Common (2014 TV Movie)
8/10
powerful, poignant, and all too real
24 December 2015
"Common" from 2014 sports a strong cast, including Michael Gambon, Michelle Fairley, Nico Mirallegro, Susan Lynch and others in this story about a law on the British books known as Group Enterprise. We have a similar law here though I believe it operates a little differently. If you go into a bank to rob it, and one of your group kills someone, you all get life.

In this story, a young man, Johnjo (Mirallegro) is asked by some friends to drive them to a pizza place for pizza. He does so, and stays in the car while they go in. During an ensuing fight, a young man is murdered. All of them are arrested, and the Judge wants to try them under Group Enterprise. Johnjo's attorney argues that he wasn't even in the pizza place, but the Judge (Gambon) refuses to consider the boy's innocence.

This is a story about how the law works, and frankly, it makes the law look pretty shabby. Which, in my opinion, it is, having had some experience with this type of situation myself.

Johnjo is urged by his parents to go to the police and tell them the truth. He doesn't need a lawyer because he's done nothing. I don't know who puts this into people's heads, Nancy Grace probably, but it's a prevailing thought and it's wrong.

Whether or not you are guilty or innocent, EVERYONE needs a lawyer if they are speaking to the police. Why, you ask. Here's why: here in the U.S. we say anything you say can and will be used against you. They say something similar in England. Read it again. They mean it. The police will twist anything you say, the most extraneous detail, and turn you into an ax murderer.

The second reason is, if you don't have a lawyer, the police can keep you in a room for hours on end until you say you're guilty. Nobody understands how you can plead guilty to something you didn't do. Well, if it's the only way to get out of a room after 16 hours, you'll do it. It's been done.

An attorney would not have allowed this young man to speak to the police, who of course pretended he was doing the right thing and then arrested him on the spot.

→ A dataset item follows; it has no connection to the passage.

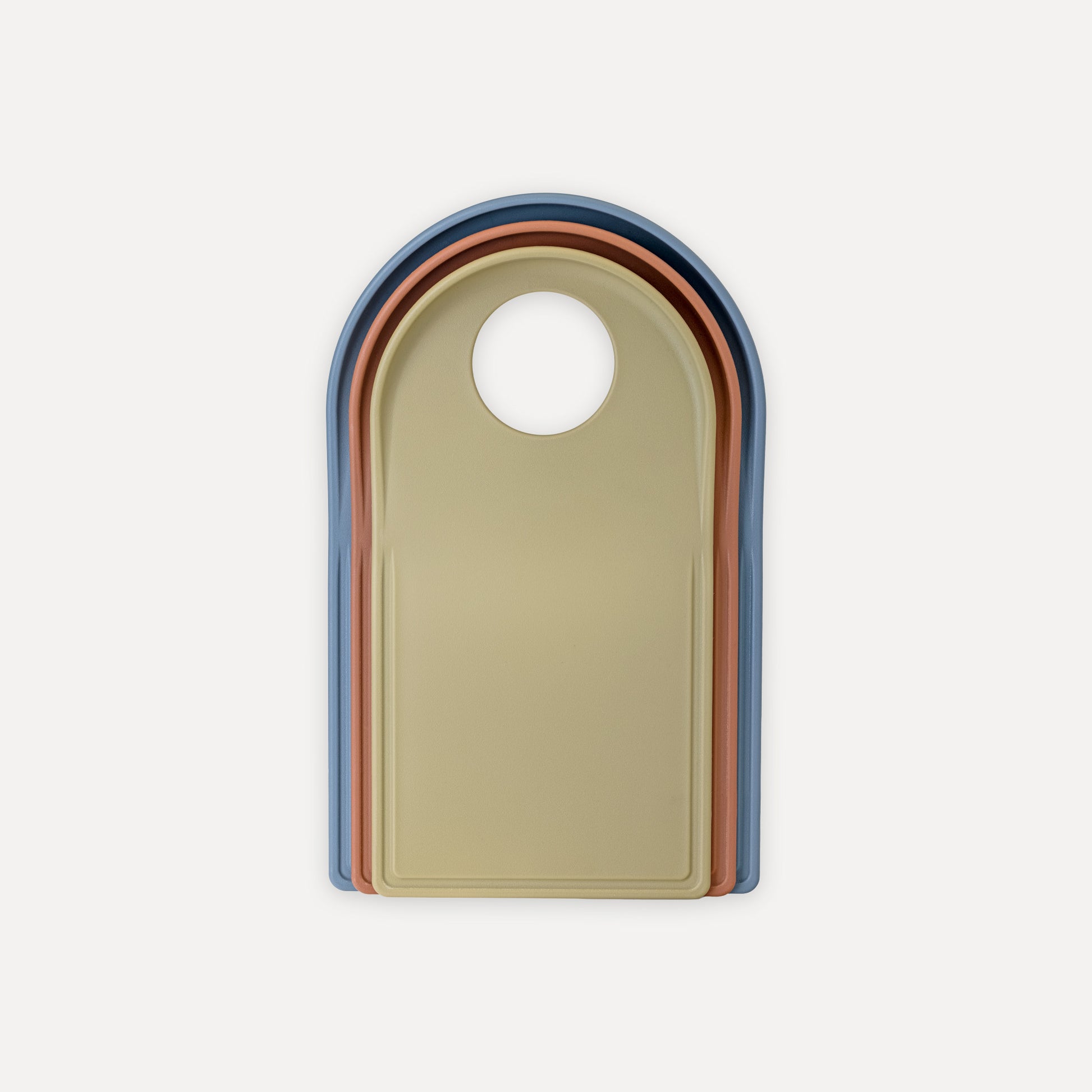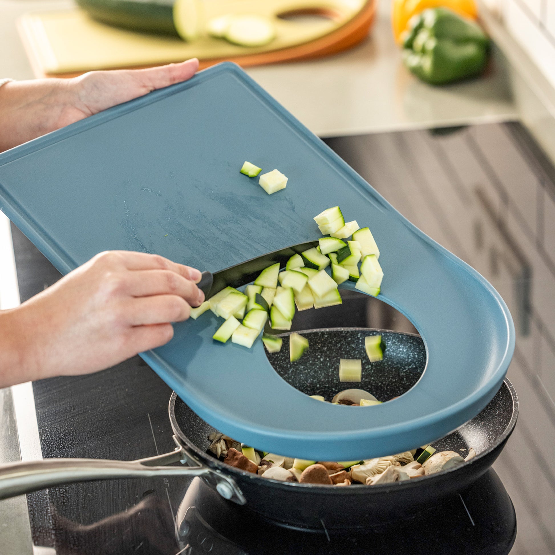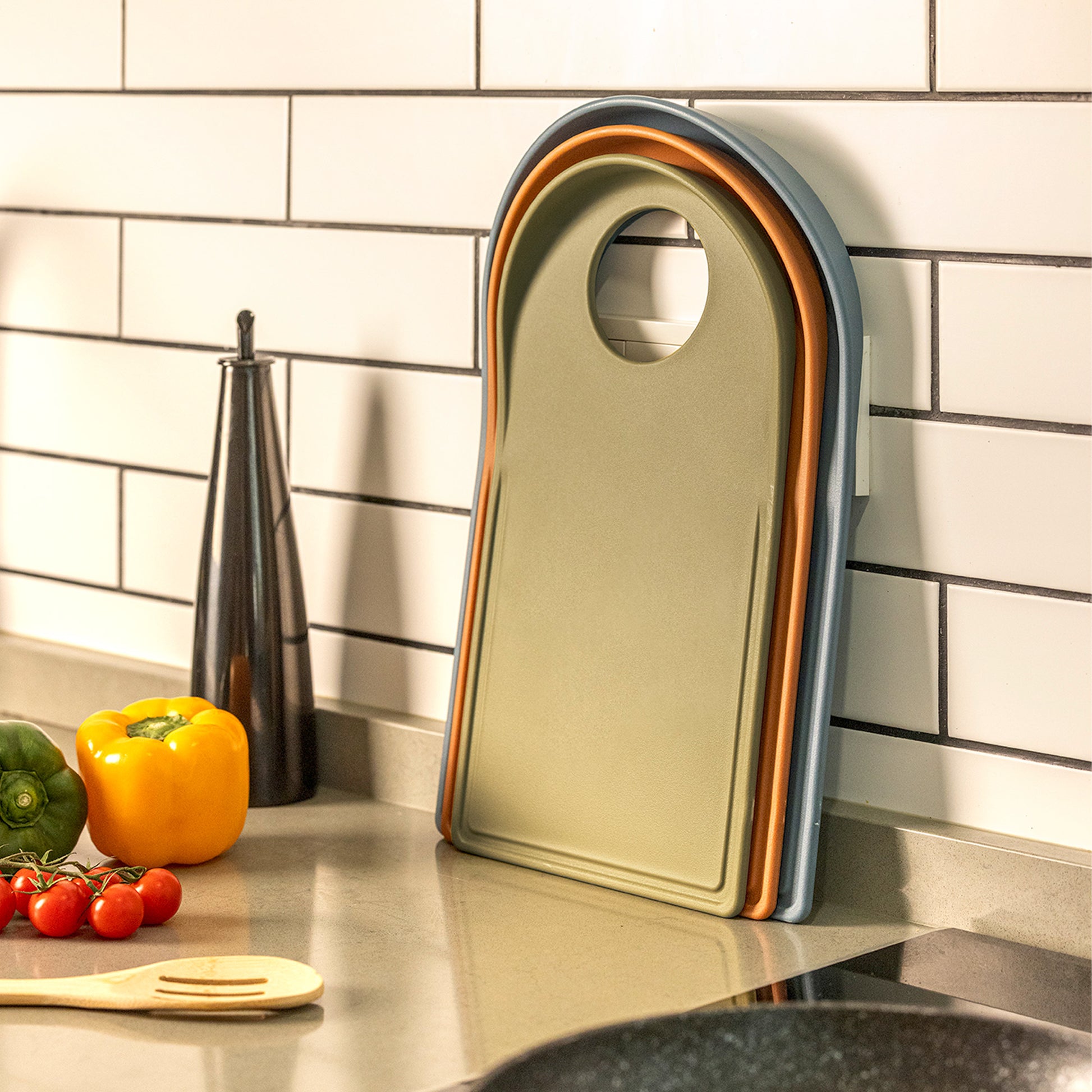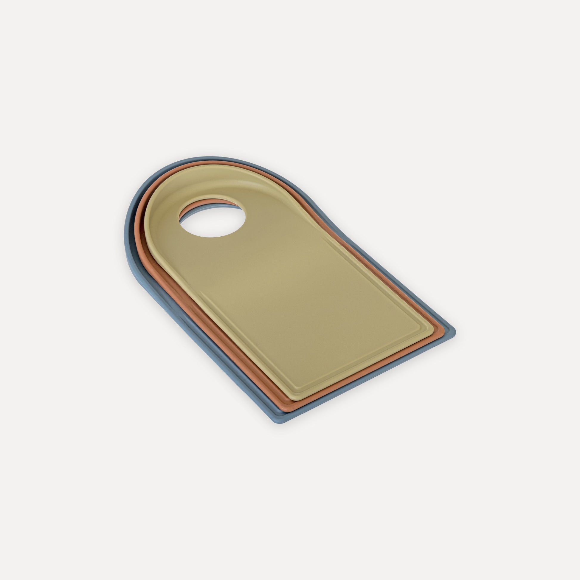 - Set de tres tablas de cortar en diferentes tamaños, diseñadas para facilitar el vertido, desecho de alimentos y su transporte
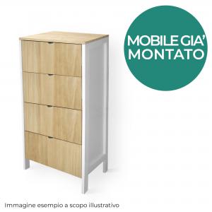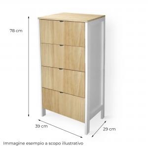 Cassettiera MOBILE ITALY dallo stile minimal in Legno di Paulownia antitarlo verniciato Bianco, con 4 Cassetti offre spazio per organizzare i tuoi ambienti con stile moderno, adattandosi ai tuoi ambienti domestici o lavorativi. Il mobiletto arrivera' gia' montato e pronto all'uso da posizionare in qualsiasi stanza della casa, camera da letto, corridoio, cucina, soggiorno, ingresso o anche ripostiglio, per mantere in ordine gli spazi e accogliere libri, scarpe, vestiti, articoli per la casa o da ufficio, potrete trovare un posto a tutto senza problemi grazie alla profondità del mobile di 29 cm. Questo mobile è versatile e può anche essere integrato perfettamente nell'arredamento esistente grazie alla sua semplicità e praticita' nell'uso. Il mobile e' dotato di 4 Cassetti estraibili e un ripiano superiore d'appoggio che vi permettera di avere una superficie o ripiano esterno con un top di colore BIANCO. Il prodotto e' costruito e assemblato completamente in Italia e le sue dimensioni totali sono 39 cm di larghezza frontale, 29 cm di profondita' e 78 cm di altezza.

In order to wangle a guilty plea out of these people, the threat of Group Enterprise was used. If they would all plead guilty, they would get less time. And that's the way the law gets people to plead guilty when they're not.

So often we read someone has plead guilty and you think, wow, he really did it. It doesn't mean that. It means the person is sick of the harassment, the harassment of friends and family, the constant going to court, so when a deal is offered, they take it.

This film was a good example of what happens when you don't get legal advice, period, and what the law can do to you even if you're not guilty.

I won't tell you how all this works out. The acting is superb, with strong emotional performances throughout from the accused young men and their families.

During the movie, one of the mothers comes to see Johnjo's mother (Jodhi May) and screams at her that if she googles Group Enterprise, she'll see that in order to get the poor and lower middle class out of society, people found guilty of GE get life. At that point, Johnjo is thinking of pleading not guilty.

Sadly, this is true as well.If you have money and influence, as in one case I worked on, the police will put all of their power behind you and make sure that anyone you accuse of anything is put through hell. The law is different for the wealthy and influential. Very different.

In the case I was involved in, the police told someone accused by a political fundraiser of a misdemeanor, that if he did not turn over certain documents to them (with no warrant) they would start talking to him about terrorism. Let's hear it for Homeland Security - the Go Directly to Jail card for anyone you don't happen to like.

I highly recommend people seeing this film. And if you're ever even on the periphery of a crime, get an attorney.